Note that the output of ``seats(elections, "Dem")`` is of type ``Score``, which
functions like a Python ``namedtuple``: for any object ``x`` of type ``Score``,
``x.name`` returns the name of the score, and ``x.apply`` returns a function that
takes a ``Partition`` as input and returns the score.

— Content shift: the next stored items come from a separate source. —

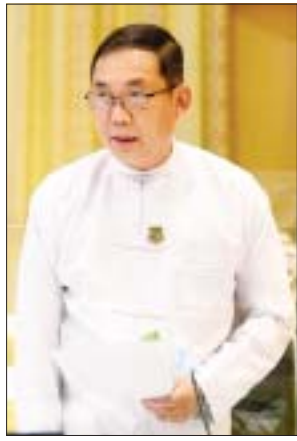
ပြည်ထောင်စုဝန်ကြီး ဦးခင်မောင်ရီ
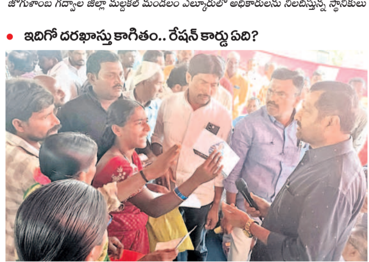
• ఇదిగో దరఖాస్తు కాగితం.. రేషన్ కార్డు ఏది?
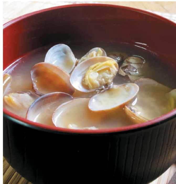
貝殼類的有機砷化合物含量較高。

砷通過肺、胃腸道及皮膚吸收，吸入人體內的砷隨血液分佈到肝、腎、肺及脾臟，約2週後分佈到皮膚、頭髮及骨骼，並且大量積聚於白細胞內。約5至10%經糞便排出，90至95%從尿液排泄。砷進入人體後，主要作用於酶蛋白，使其活性減弱或失去，影響其正常功能，從而抑制細胞的氧化和呼吸；與紅細胞內的血紅蛋白結合，引發溶血而造成貧血；損害細胞染色體，影響細胞的正常分裂；損害神經細胞，引
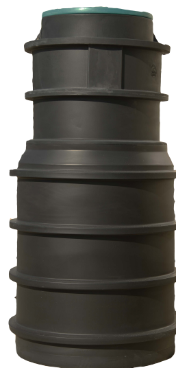
DELFIN SP 1000/800
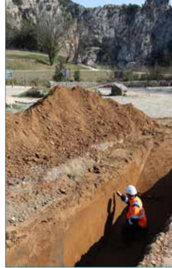
Diagnostic dans la Combe d'Arc à Vallon-Pont-d'Arc, mars 2022.

L'élargissement d'un passage bas dans la première partie de la grotte a donné lieu à la découverte d'outils attribués au Paléolithique moyen. Ceux-ci étaient associés à des restes osseux dominés par l'ours des cavernes, accompagné par d'autres carnivores (hyène, loup) et quelques herbivores. La découverte de ces outils très particuliers précise un peu plus notre connaissance de la fréquentation du milieu souterrain par Néandertal.
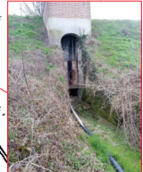
Manufatto di attraversamento dell'argine maestro, lato sud
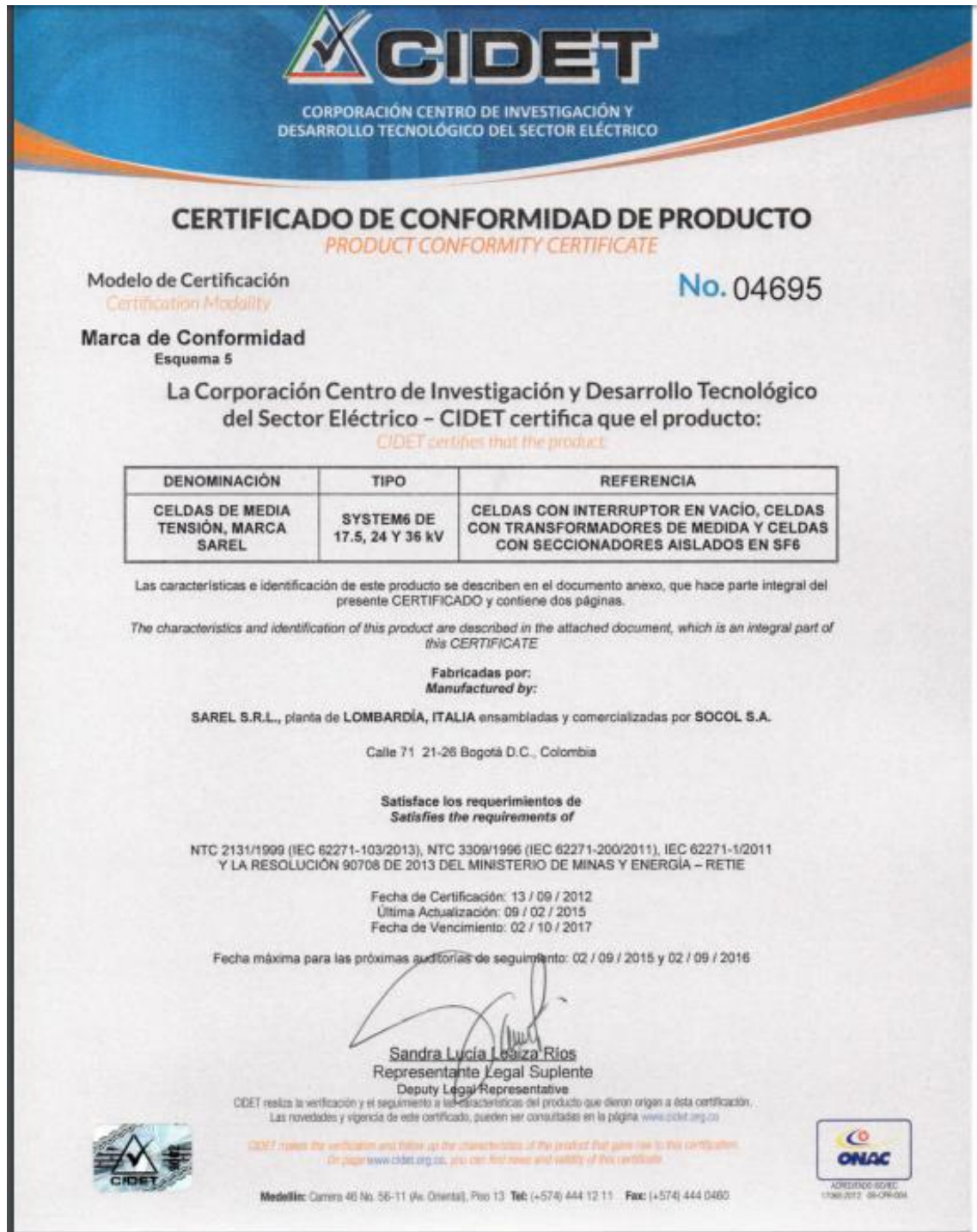
Anexo 1 Certificado de conformidad de Producto

See below:

.. code-block:: python

    seats(elections, "Dem").name

returns

.. code-block:: console

    'Dem_seats'

and 

.. code-block:: python

    seats(elections, "Dem").apply(partition)

returns

.. code-block:: console

    {'PRES12': 6,
    'SEN12': 6,
    'GOV14': 4,
    'AG14': 6,
    'COMP14': 6,
    'PRES16': 6,
    'SEN16': 6,
    'GOV18': 4,
    'SEN18': 6,
    'AG18': 6,
    'COMP18': 8}

Note that we can easily find the number of Republican seats like so:

.. code-block:: python

    seats(elections, "Rep").apply(partition)

This gives us

.. code-block:: console

    {'PRES12': 2,
    'SEN12': 2,
    'GOV14': 4,
    'AG14': 2,
    'COMP14': 2,
    'PRES16': 2,
    'SEN16': 2,
    'GOV18': 4,
    'SEN18': 2,
    'AG18': 2,
    'COMP18': 0}

Moreover, we can pass ``mean=True`` to return the average of the score over all
elections, rather than a dictionary:

.. code-block:: python

    seats(elections, "Rep", mean=True).apply(partition)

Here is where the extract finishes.